THE PROBLEM:
Word for word, restate the lines of the data below between those holding "안녕하세요. 요즘 부모님" and "Another category of", inclusive; pictures do not belong in the copy.

[[ PROVIDED DATA, beginning ]]

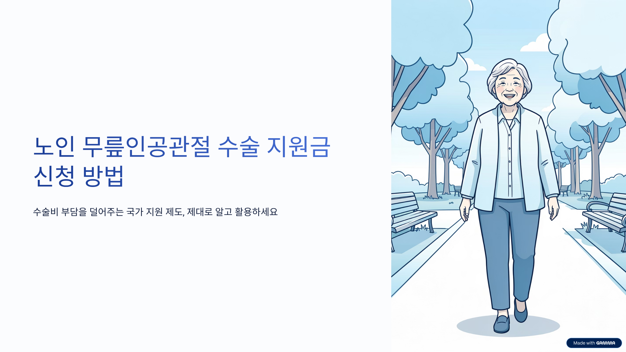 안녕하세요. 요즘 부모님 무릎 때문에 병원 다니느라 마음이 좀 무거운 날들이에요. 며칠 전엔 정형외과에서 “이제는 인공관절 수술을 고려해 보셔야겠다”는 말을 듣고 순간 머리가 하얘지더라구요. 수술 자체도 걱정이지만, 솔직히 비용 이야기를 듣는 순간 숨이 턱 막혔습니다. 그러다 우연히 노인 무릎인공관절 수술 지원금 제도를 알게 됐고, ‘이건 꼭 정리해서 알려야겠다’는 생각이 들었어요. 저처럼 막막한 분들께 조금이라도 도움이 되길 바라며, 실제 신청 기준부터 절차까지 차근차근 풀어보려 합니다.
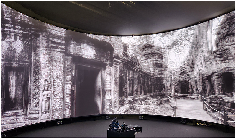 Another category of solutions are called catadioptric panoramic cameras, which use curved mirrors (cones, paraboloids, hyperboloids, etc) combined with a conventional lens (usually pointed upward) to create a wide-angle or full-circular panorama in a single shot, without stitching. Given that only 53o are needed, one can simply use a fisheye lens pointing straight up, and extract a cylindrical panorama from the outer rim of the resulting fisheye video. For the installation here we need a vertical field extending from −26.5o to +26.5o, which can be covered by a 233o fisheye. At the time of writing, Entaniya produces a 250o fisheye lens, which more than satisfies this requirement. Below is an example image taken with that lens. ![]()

[[ PROVIDED DATA, end ]]
[[ PROVIDED DATA, beginning ]]

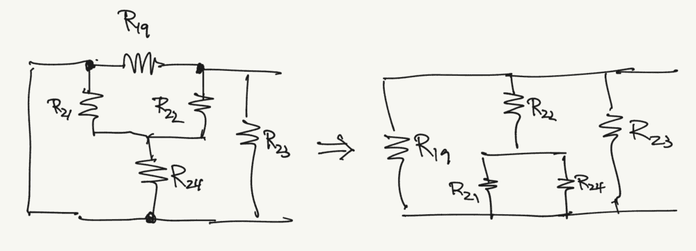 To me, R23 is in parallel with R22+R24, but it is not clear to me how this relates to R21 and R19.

[[ PROVIDED DATA, end ]]

TASK OUTPUT:
 안녕하세요. 요즘 부모님 무릎 때문에 병원 다니느라 마음이 좀 무거운 날들이에요. 며칠 전엔 정형외과에서 “이제는 인공관절 수술을 고려해 보셔야겠다”는 말을 듣고 순간 머리가 하얘지더라구요. 수술 자체도 걱정이지만, 솔직히 비용 이야기를 듣는 순간 숨이 턱 막혔습니다. 그러다 우연히 노인 무릎인공관절 수술 지원금 제도를 알게 됐고, ‘이건 꼭 정리해서 알려야겠다’는 생각이 들었어요. 저처럼 막막한 분들께 조금이라도 도움이 되길 바라며, 실제 신청 기준부터 절차까지 차근차근 풀어보려 합니다.
 Another category of solutions are called catadioptric panoramic cameras, which use curved mirrors (cones, paraboloids, hyperboloids, etc) combined with a conventional lens (usually pointed upward) to create a wide-angle or full-circular panorama in a single shot, without stitching. Given that only 53o are needed, one can simply use a fisheye lens pointing straight up, and extract a cylindrical panorama from the outer rim of the resulting fisheye video. For the installation here we need a vertical field extending from −26.5o to +26.5o, which can be covered by a 233o fisheye. At the time of writing, Entaniya produces a 250o fisheye lens, which more than satisfies this requirement. Below is an example image taken with that lens. ![]()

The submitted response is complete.